### DATA PROVIDED
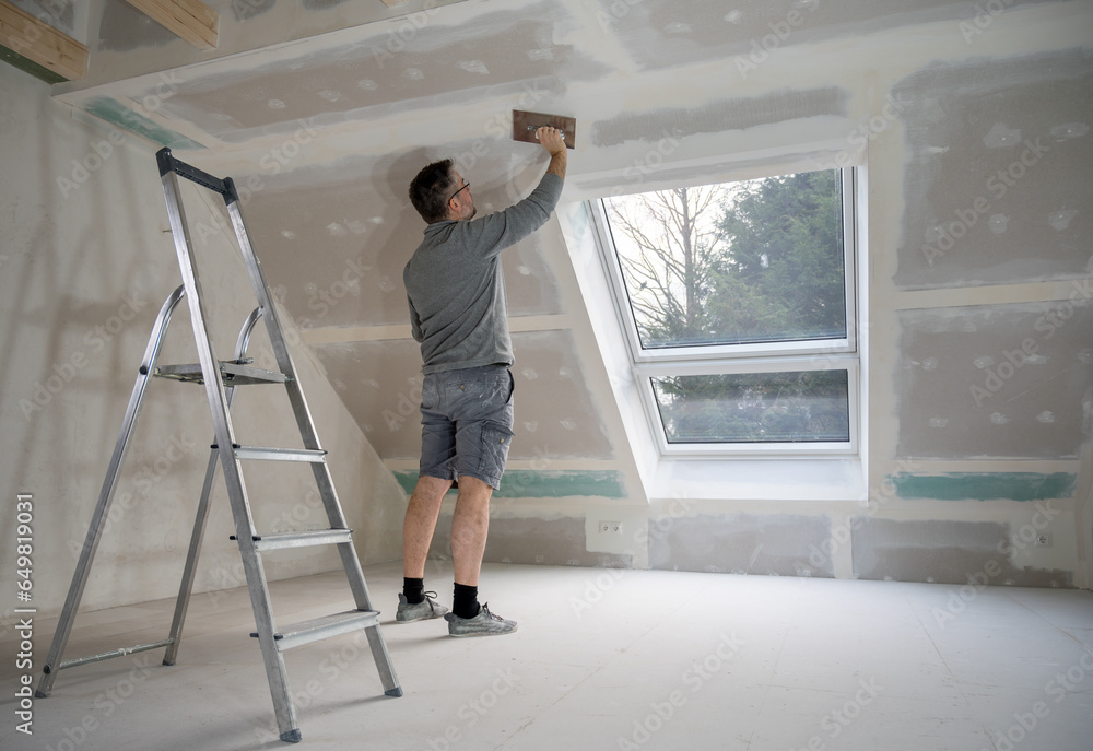 Man plastering drywall in a private house.
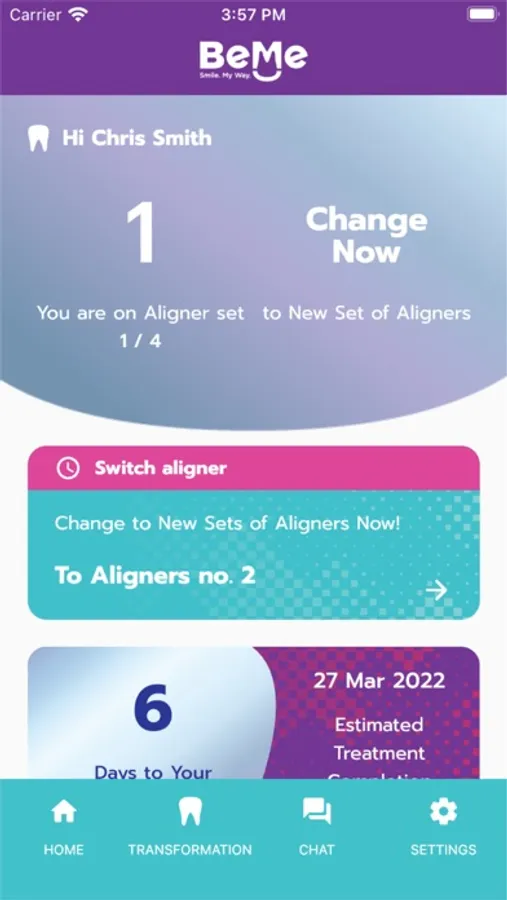 The BeMe App is the tool to connect you with your dentist, so they can monitor your BeMe aligner treatment just like seeing you in person. You can keep track of your treatment, be reminded to change to new aligners, see how your teeth transform over time, and also chat with BeMe customer service team in the app.
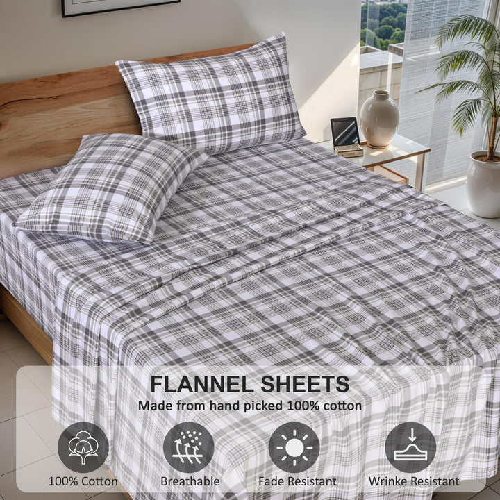 🩶 Ruvanti 100% Cotton Flannel Sheets – Ultra Soft, All-Season Cozy Bedding

### EXERCISE REQUIREMENTS
Repeat the material above exactly; any picture in it is left out.

### SOLUTION
 Man plastering drywall in a private house.
 The BeMe App is the tool to connect you with your dentist, so they can monitor your BeMe aligner treatment just like seeing you in person. You can keep track of your treatment, be reminded to change to new aligners, see how your teeth transform over time, and also chat with BeMe customer service team in the app.
 🩶 Ruvanti 100% Cotton Flannel Sheets – Ultra Soft, All-Season Cozy Bedding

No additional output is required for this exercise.